Um dos passos, passa pela instalação de baterias que acumulem a energia nos períodos de menor consumo, como nos meses do Inverno, para depois ir para a rede nas épocas maior necessidade. No Verão, por exemplo, os nove quilómetros de praia do Porto Santo, atraem milhares de turistas. Em Agosto, a população chega a quadruplicar para 20 mil pessoas.
Esta não é também a primeira tentativa do Porto Santo para reduzir a dependência do petróleo. Em 2008, ainda com Alberto João Jardim à frente do Executivo, foram investidos mais de 20 milhões de euros no projecto para a produção de biocombustível a partir de algas marinhas. A meta era 2016, mas a dependência não só continua, como a ilha apresenta piores indicadores ambientais do que a Madeira.

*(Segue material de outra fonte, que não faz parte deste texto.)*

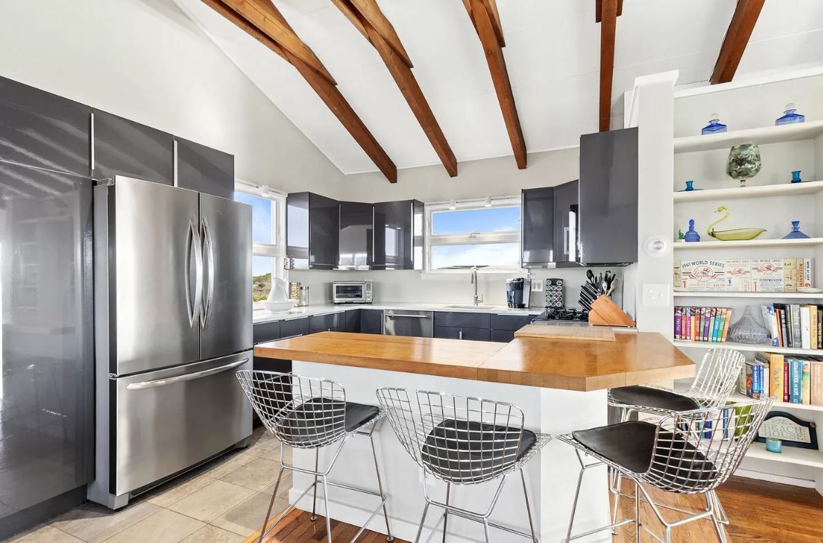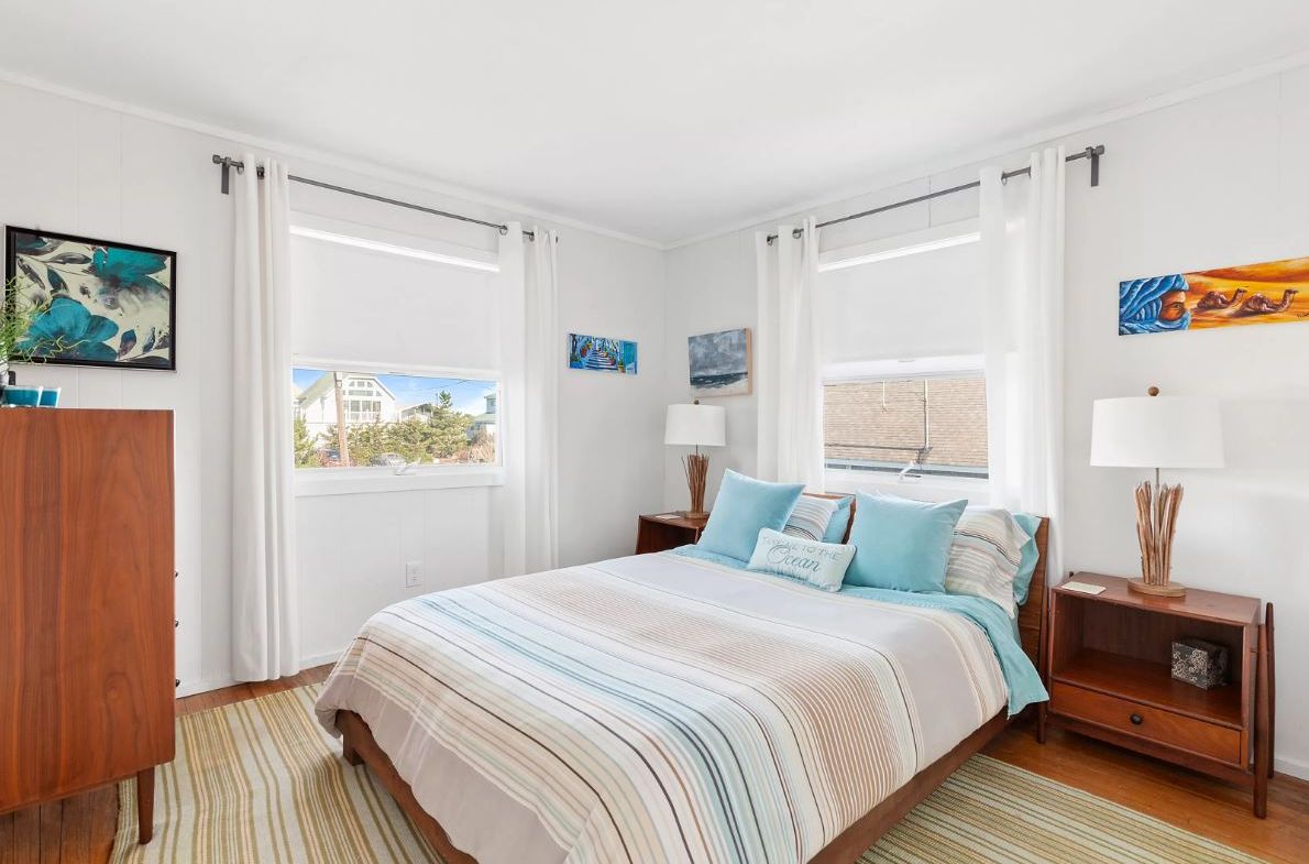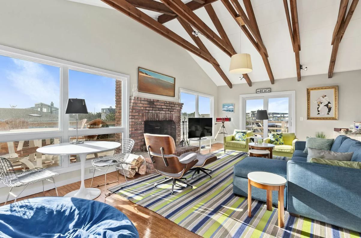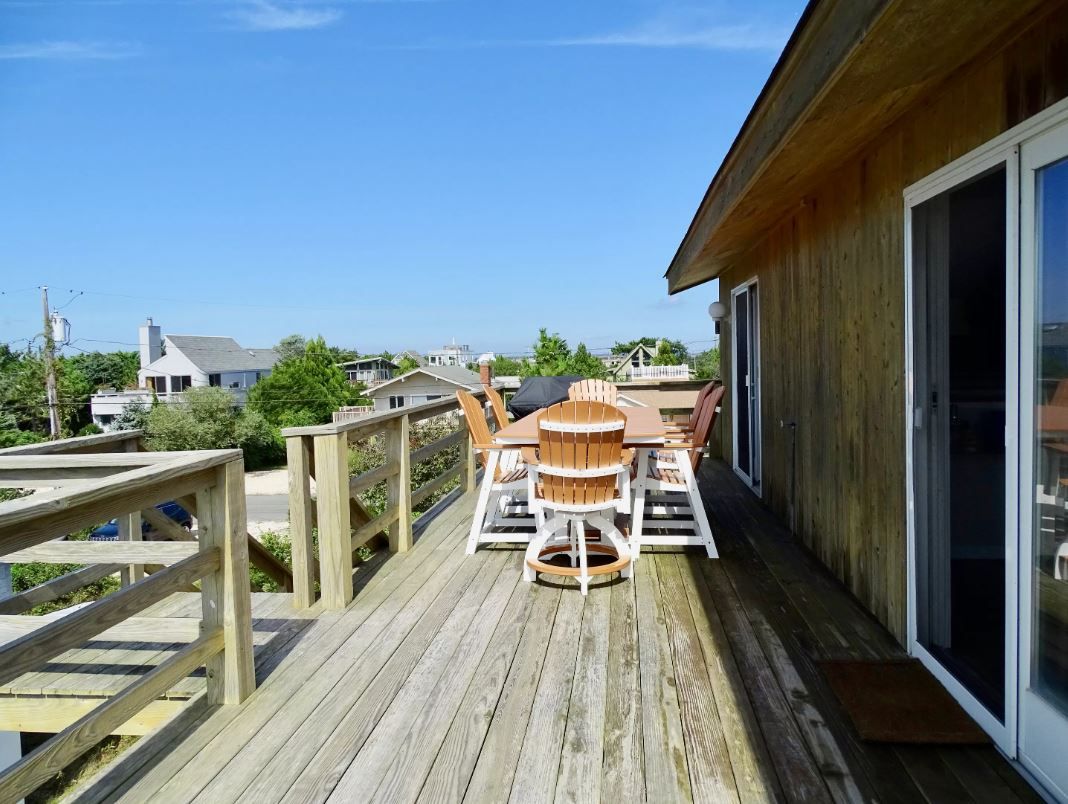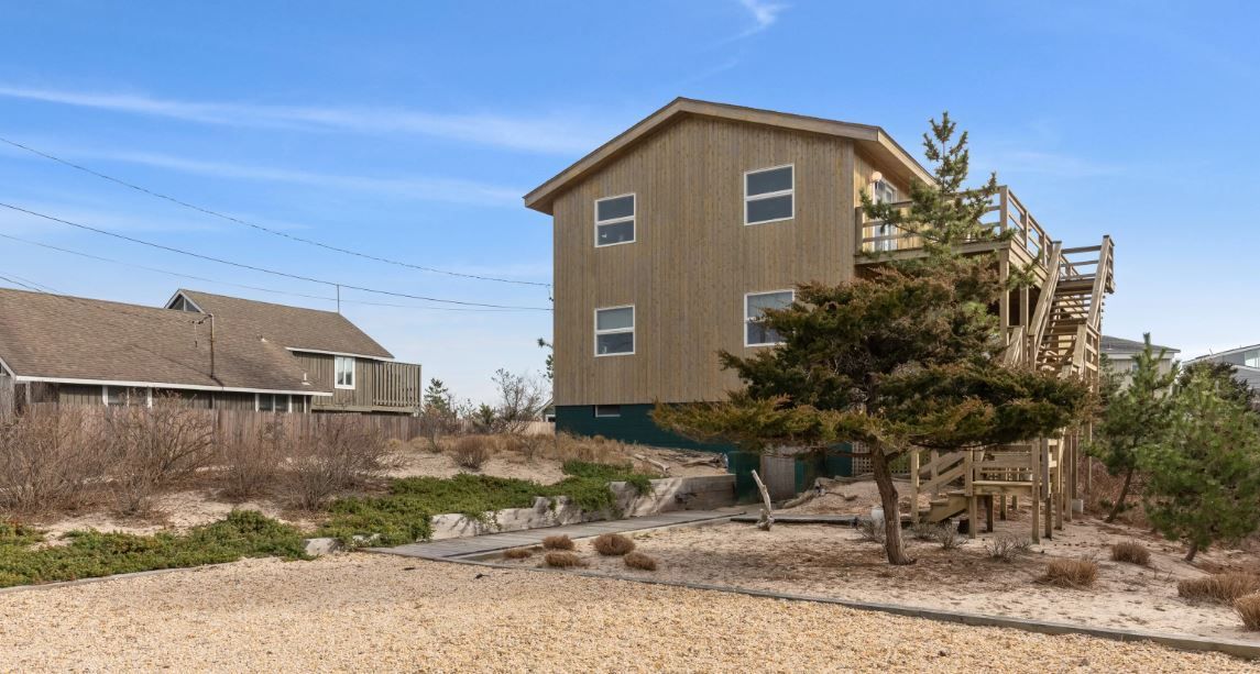 Indulge in breathtaking ocean and dune views from this exquisite beach house, featuring four bedrooms and a full bath on the first floor, with the main living area and a half bath above. The bright, open space is adorned with beach-inspired decor, creating an inviting and relaxed atmosphere. Surrounded by glass and a spacious deck with multiple seating options, this home is perfect for both entertaining and unwinding. Additional conveniences i

As energias renováveis têm um peso de 15% no total produzido, contra 30% na Madeira, e a emissão de dióxido de carbono era em 2009 também mais elevada: 6,9 toneladas por habitante, quando na ilha vizinha era de 3,9.
É por isso que João Batista tem algumas reticências sobre esta segunda investida ambiental. “Era importante quantificar o que foi feito. As metas que foram propostas, e o que foi realmente conseguido”, nota o investigador.
"Destino turístico sustentável"
Batista, que lidera uma equipa que tem actuado no Porto Santo, “acredita” no projecto. Diz que tudo o que signifique reduzir as emissões de carbono é bem-vindo, mas defende que primeiro é preciso intervir nas coisas mais simples. A praia, exemplifica, apresenta várias lacunas no apoio aos banhistas, o que coloca em causa a qualidade higiénica-sanitária do areal. “Não basta investigar ou projectar. É preciso aplicar no terreno.”
Mas essas dúvidas não demovem Eduardo Jesus. Principalmente, argumenta, porque o Smart Fossil Free Island não se esgota nas questões ambientais. Vai contribuir para a “criação de valor acrescentado” e para a redução dos custos associados para todos: famílias, empresas e administração pública local.
“Transversalmente, reforça-se, também por esta via, a fundamental valorização e crescente afirmação do Porto Santo, como destino turístico sustentável”, acrescenta.
A face mais visível desta espécie de “refundação” de uma ilha cuja frágil economia sofre da sazonalidade turística, é a comercialização desta nova identidade junto dos mercados externos. Para isso, é necessário também olhar para a identidade histórica e cultural do Porto Santo. Eduardo Jesus fala em “reposicionar” a ilha. “Um novo rumo que atenda a questões que são mais imateriais, que passam pela qualidade de vida e por uma melhor gestão dos recursos existentes, a favor de um futuro melhor”, adianta, apontando para a exploração de novas áreas de negócio, com baixa pegada ecológica, como a agricultura biológica e o empreendedorismo associado a produtos tradicionais e a elementos culturais.
O que está em causa, sublinha, é a sustentabilidade daquele território. A todos os níveis.